Llegamos al vuelo sin motor, escena correcta, no daba para más ni en el libro ni en la película, aunque quizá, yo la hubiera hecho algo más corta.

Y por fin, llegamos al final. Christian toca una canción muy triste, ella le pregunta por qué toca sólo canciones tristes… (libro y película), ella se toma la píldora porque le suena la alarma (libro, lo cuál es una dato importante, porque aunque al principio a ella no le parece bien la idea, lo hace por él, porque le importa), juego de “corre, corre que te pillo” por la cocina (libro), explicación de por qué necesita pegar y castigar a sus sumisas (libro y película) y llegamos a la petición de Ana, de que le enseñe qué quiere hacerle, porque de esa forma si ella entra en su modo de ver la relaciones, quizá él pueda entrar en la suya. Esto último de primeras puede quedar como algo muy sumiso, pero si se mira desde el punto de vista de una historia de amor, es algo tierno, porque ella intenta hacer algo por él para que él haga algo por ella. El momento de los azotes, sin embargo es el único momento que me gusta más la escena en la película que en el libro. Ana lo pasa muy mal, y Christian a pesar del placer inicial, pasa a estar con cara de desesperación a medida que avanzan los azotes, de no querer hacer lo que está haciendo, de desear que Ana diga la palabra de seguridad y poder parar, porque quiere parar, aunque no pueda; y la reacción de ella, de en vez de gritar como en el libro, el hablarle de forma normal, pero taparse el cuerpo y exigirle que no le toque, que no le mire y que le deje en paz.  Su rechazo, el rechazo de Ana le transforma en un ser pequeño, no sabe cómo pedirle perdón, no sabe que hacer, desea quedarse con ella, pero ella le pide que se vaya de la habitación, que le deje sola y él accede sin rechistar. Algo en su interior le dice que se ha equivocado, sobre todo cuando Ana le confiesa que le quiere. La cara de espanto de Christian es espectacular, no hace falta decir nada.
Llegamos al final, el ascensor. Se despiden con el nombre sólo, algo que da mucho mas sentimiento que el añadir como en el libro un adiós.
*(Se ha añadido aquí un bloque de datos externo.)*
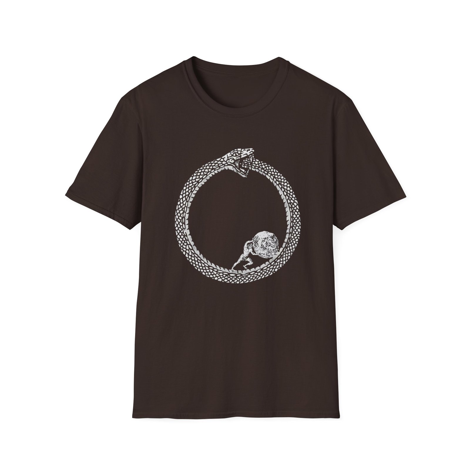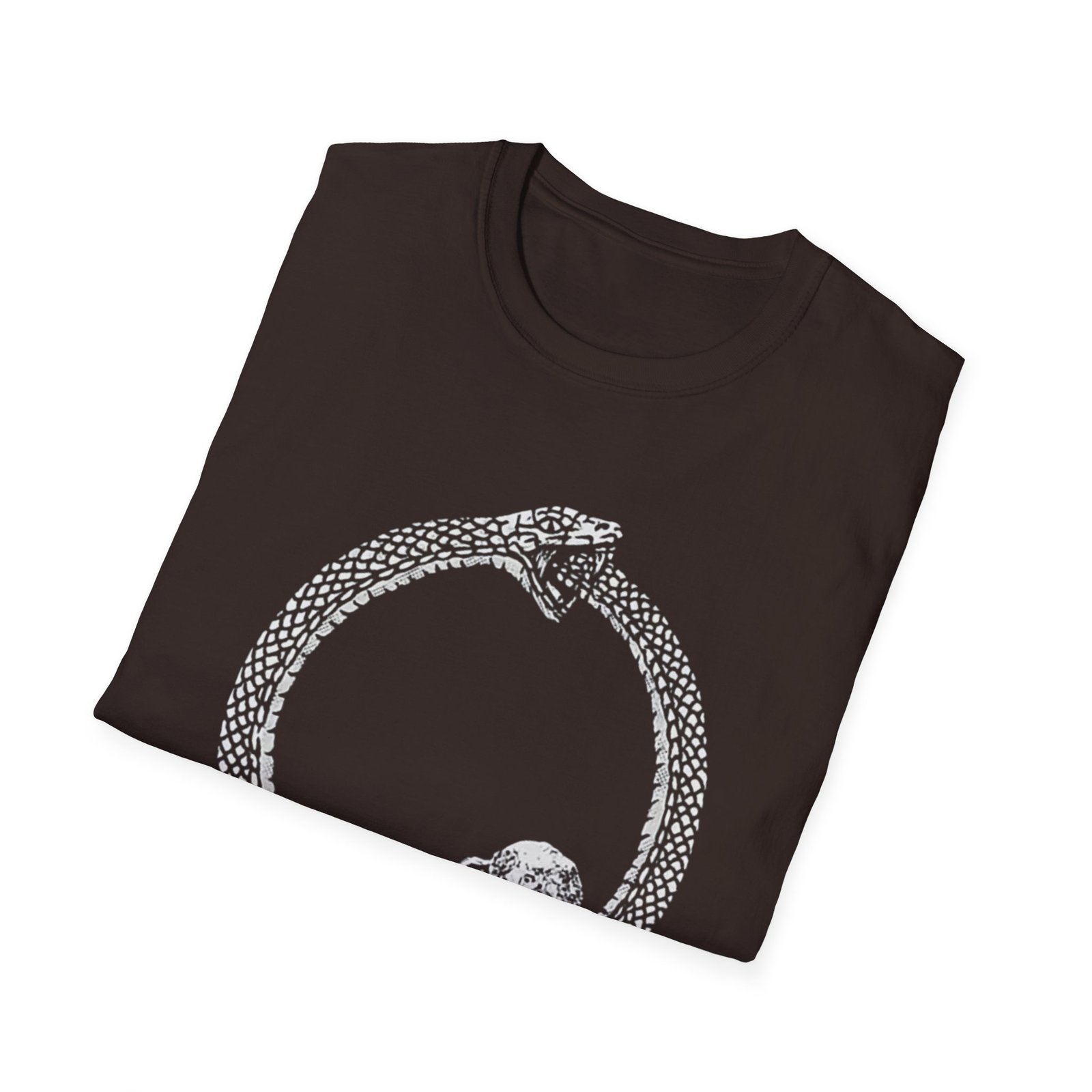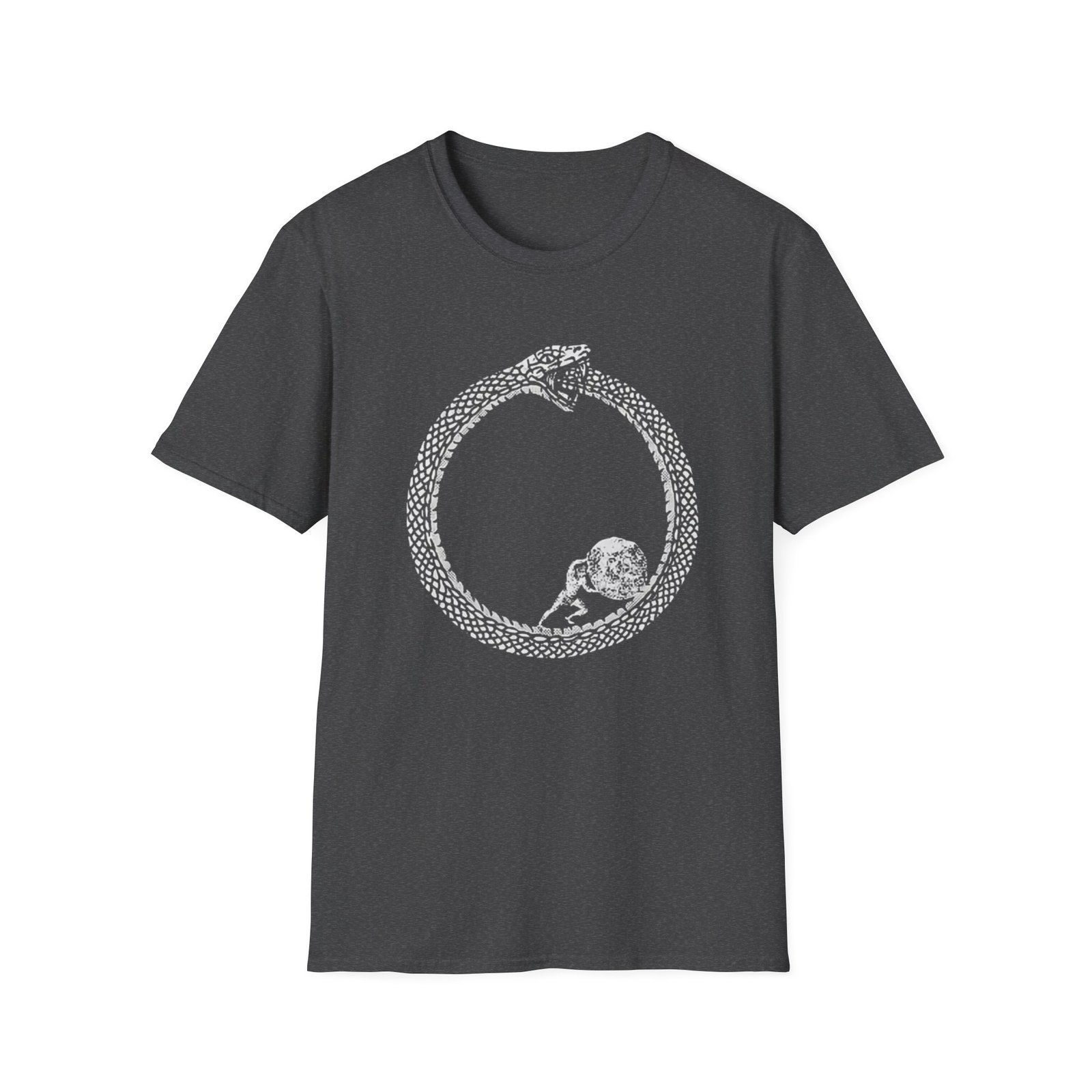 A soft, everyday tee with a quiet, symbolic edge. This lightweight cotton shirt carries a detailed ouroboros illustration—an ancient circle of renewal—rendered in crisp white against a deep black field. Wear it when you want your outfit to feel thoughtful, not loud. The crew neck and classic fit keep the silhouette clean so the artwork becomes the focus. It layers easily under a jacket for evening walks, pairs with worn denim at a show, or sits comfortable at a coffee shop table while you read. For those who appreciate subtle mythology, dark aesthetics, and durable, wearable art, this shirt becomes part of a regular rotation rather than a one-off statement.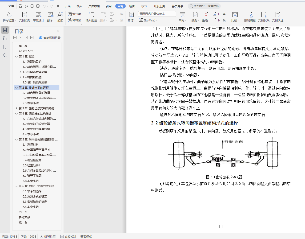 2.2齿轮齿条式转向器布置和结构形式的选择 11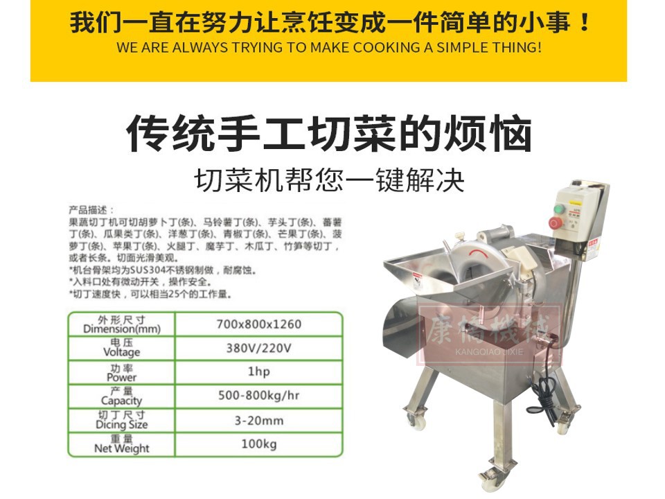 詳細信息 訂貨號000214 加工定制是 貨號214 種類切丁機 品牌康橋 型號800 電壓380(V) 功率5(Kw) 外形尺寸1300(mm) 凈重320(Kg) 包裝木架 適用范圍茶餐廳設備,西餐店設備 營銷新品 售后服務365

Hasta aquí el análisis de la película y el libro. Esto para mí hubiera sido el guión perfecto, y no creo que la película hubiera durado mucho más, porque hoy en día estamos acostumbrados a películas de hasta dos horas y media y no nos quejamos de estar en la butaca.

¿Estáis de acuerdo con mi análisis? Vosotras, sí, digo vosotras, porque si os pasa como a mí, habréis ido con un grupo de amigas a ver esta película, porque vuestro novio o marido se habrá negado en rotundo. Pues como os preguntaba, ¿vosotras, habríais añadido o quitado otra cosa? Contadme vuestras impresiones.